Borobudur, or Barabudur, is a 9th-century Mahayana Buddhist Temple in Magelang, Central Java, Indonesia. The monument consists of six square platforms topped by three circular platforms, and is decorated with 2,672 relief panels and 504 Buddha statues. A main dome, located at the center of the top platform, is surrounded by 72 Buddha statues seated inside a perforated stupa.

Tourist at Borobudur Temple 
Built in the 9th century during the reign of the Sailendra Dynasty, the temple’s design in Gupta architecture reflects India's influence on the region. It also depicts the gupta style from India and shows influence of Buddhism as well as Hinduism.The monument is both a shrine to the Lord Buddha and a place for Buddhist pilgrimage. The journey for pilgrims begins at the base of the monument and follows a path around the monument and ascends to the top through three levels symbolic of Buddhist cosmology: Kāmadhātu (the world of desire), Rupadhatu (the world of forms) and Arupadhatu (the world of formlessness). The monument guides pilgrims through an extensive system of stairways and corridors with 1,460 narrative relief panels on the walls and the balustrades.
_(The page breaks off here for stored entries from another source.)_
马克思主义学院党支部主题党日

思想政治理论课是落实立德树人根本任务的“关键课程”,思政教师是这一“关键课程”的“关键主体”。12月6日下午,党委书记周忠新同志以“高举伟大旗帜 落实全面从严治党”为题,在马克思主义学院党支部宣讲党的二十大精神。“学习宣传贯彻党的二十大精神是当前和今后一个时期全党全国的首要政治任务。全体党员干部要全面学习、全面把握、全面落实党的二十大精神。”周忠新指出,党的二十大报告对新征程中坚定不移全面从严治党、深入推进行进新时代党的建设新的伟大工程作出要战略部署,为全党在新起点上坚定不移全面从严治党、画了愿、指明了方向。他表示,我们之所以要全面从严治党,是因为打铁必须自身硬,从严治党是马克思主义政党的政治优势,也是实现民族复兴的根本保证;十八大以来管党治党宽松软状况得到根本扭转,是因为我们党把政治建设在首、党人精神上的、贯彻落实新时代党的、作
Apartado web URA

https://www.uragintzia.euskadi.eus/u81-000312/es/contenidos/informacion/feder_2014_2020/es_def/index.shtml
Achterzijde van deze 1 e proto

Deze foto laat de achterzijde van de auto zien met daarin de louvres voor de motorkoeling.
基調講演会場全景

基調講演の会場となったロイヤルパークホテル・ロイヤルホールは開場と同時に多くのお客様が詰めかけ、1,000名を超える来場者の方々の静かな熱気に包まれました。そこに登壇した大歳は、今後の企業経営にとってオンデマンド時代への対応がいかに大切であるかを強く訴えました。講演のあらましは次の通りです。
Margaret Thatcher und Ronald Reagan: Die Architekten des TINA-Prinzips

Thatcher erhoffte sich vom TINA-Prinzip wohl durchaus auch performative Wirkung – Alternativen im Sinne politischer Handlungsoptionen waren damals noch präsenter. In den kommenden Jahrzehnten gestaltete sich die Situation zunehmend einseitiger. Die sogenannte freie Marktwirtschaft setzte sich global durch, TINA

Based on evidence, Borobudur was constructed in the 9th century and abandoned following the 14th century decline of Hindu kingdoms in Java, and the Javanese conversion to Islam.

relief panels on the walls
Worldwide knowledge of its existence was sparked in 1814 by Sir Thomas Stamford Raffles, then the British ruler of Java, who was advised of its location by native Indonesians. Borobudur has since been preserved through several restorations. The largest restoration project was undertaken between 1975 and 1982 by the Indonesian government and UNESCO, following which the monument was listed as a UNESCO World Heritage Site. Borobudur is still used for pilgrimage; once a year Buddhists in Indonesia celebrate Vesak at the monument, and Borobudur is Indonesia's single most visited tourist attraction.

one of stupa at Borobudur
Location
Approximately 40 kilometres (25 mi) northwest of Yogyakarta and 86 kilometres (53 mi) west of Surakarta, Borobudur is located in an elevated area between two twin volcanoes, Sundoro-Sumbing and Merbabu-Merapi, and two rivers, the Progo and the Elo. According to local myth, the area known as Kedu Plain is a Javanese 'sacred' place and has been dubbed 'the garden of Java' due to its high agricultural fertility. During the restoration in the early 20th century, it was discovered that three Buddhist temples in the region, Borobudur, Pawon and Mendut, are positioned along a straight line. A ritual relationship between the three temples must have existed, although the exact ritual process is unknown.